Results
We recruited 38 patients: 21 without signs of infection disease and 17 with signs of infection,23 (60%) male and 15 (40%) female. Diagnosis was acute leukemia (AL) in 22, brain tumor in 5, lymphoma in 4, sarcoma in 3 (1 renal sarcoma (RS),1 rhabdomyosarcoma (RMS), 1 osteosarcoma (OS)), Wilms tumor (WT) in 2, neuroblastoma (NBL) and desmoid fibromatosis in 1 patient. The mean age was 9.2 years and the median 9 years.
All patients underwent LUS, 16 underwent CXR, 3 chest CT.
Group 1 included 8 cases (21%) of non-infected non-neutropenic patients, mean age 10.3 years, median 9.5 years.
The 8 LUS were negative. CXR was performed in 4 cases, as part of the initial evaluation at onset of cancer, and was negative in all cases. (Table 1)
Group 2 included were 13 (34%) non-infected neutropenic patients, the mean age was 7.1 years, the median age 5 years; in only one case, ultrasonography revealed rare B lines and bilaterally subpleural air bronchograms; according to CXR images these findings were probably related to leukemic infiltrates present at the onset of the disease. In this group there was an agreement between ultrasound and CXR of 83%. Particularly, the finding on x-ray of a nuanced hilar thickening, in a patient with onset of acute lymphoblastic leukemia, afebrile and with normal CRP, was not evidenced on LUS. (Table 1)

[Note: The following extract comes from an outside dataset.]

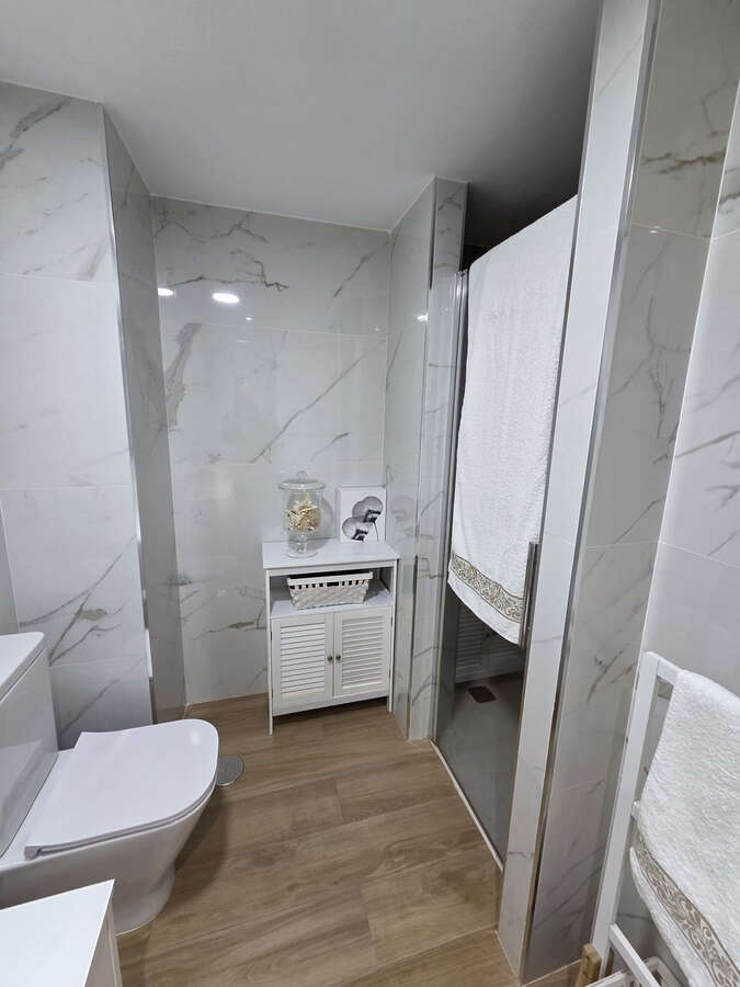 Excellent apartment just steps from the beach, fourth floor with a 36 m2 terrace overlooking the community gardens. Completely renovated, it currently has 3 bedrooms with wardrobes, 2 bathrooms, and a living-dining room with wooden floors and air conditioning. Everything is in excellent condition, and the kitchen is fully equipped. Ready to move in, ideal for holidays or permanent living. Don't hesitate to visit and arrange an appointment.

Group 3 recluted 7 infected non-neutropenic patients (19%), mean age 11 years, median 9 years. Three patients (42%) presented with respiratory symptoms; two initially asymptomatic patients subsequently presented respiratory symptoms. (Table 1) Of the seven LUS performed, 5 were positive and 2 were negative.
6 CXR were performed: 4 were negative and 2 were positive. In case 25 a second CXR was repeated after the onset of respiratory symptoms and turned out positive.
Between the ultrasound examinations and the radiographic examinations there was agreement in 67% of cases. In this group, 3 pathological chest CT scans were performed with 100% concordance LUS. In one of the three cases (33%) chest CT was discordant with CXR.
LUS images were pathological, in the absence of initial respiratory symptoms, which appeared in the following 24 hours with a rapid decline in lung function in two cases. In these two cases (patient 25 and 26) the negativity of the radiographic examination can be considered as false negative, in fact the patients presented both pathological ultrasound images and afterwards clinical symptoms compatible with lung infection. In both cases, for clinical worsening and the onset of respiratory symptoms, CXR (patient 25), repeated 4 days later, and chest CT (patient 26) performed one day after the CRX execution, were positive for pneumonia. (Fig. 1)
Group 4 included 10 infected neutropenic patients (26%), mean age 8.5 years, median 10 years. We found respiratory symptoms only in 1 case. The results of laboratory and instrumental tests are shown in Table 2.
In 50% of cases the LUS was found to be pathological.
None of the 10 patients underwent a CXR and in no case was it necessary to perform a chest CT for the benign course of the infection.
Between group 3 and 4, 10 patients presented positive LUS and underwent ultrasound follow-up at three and seven days from first LUS showing resolution of the pathological signs in 6 cases. In the 4 cases with persistent pathological images at day seven, a further LUS was performed after 1 month, with resolution of pneumonia in all cases.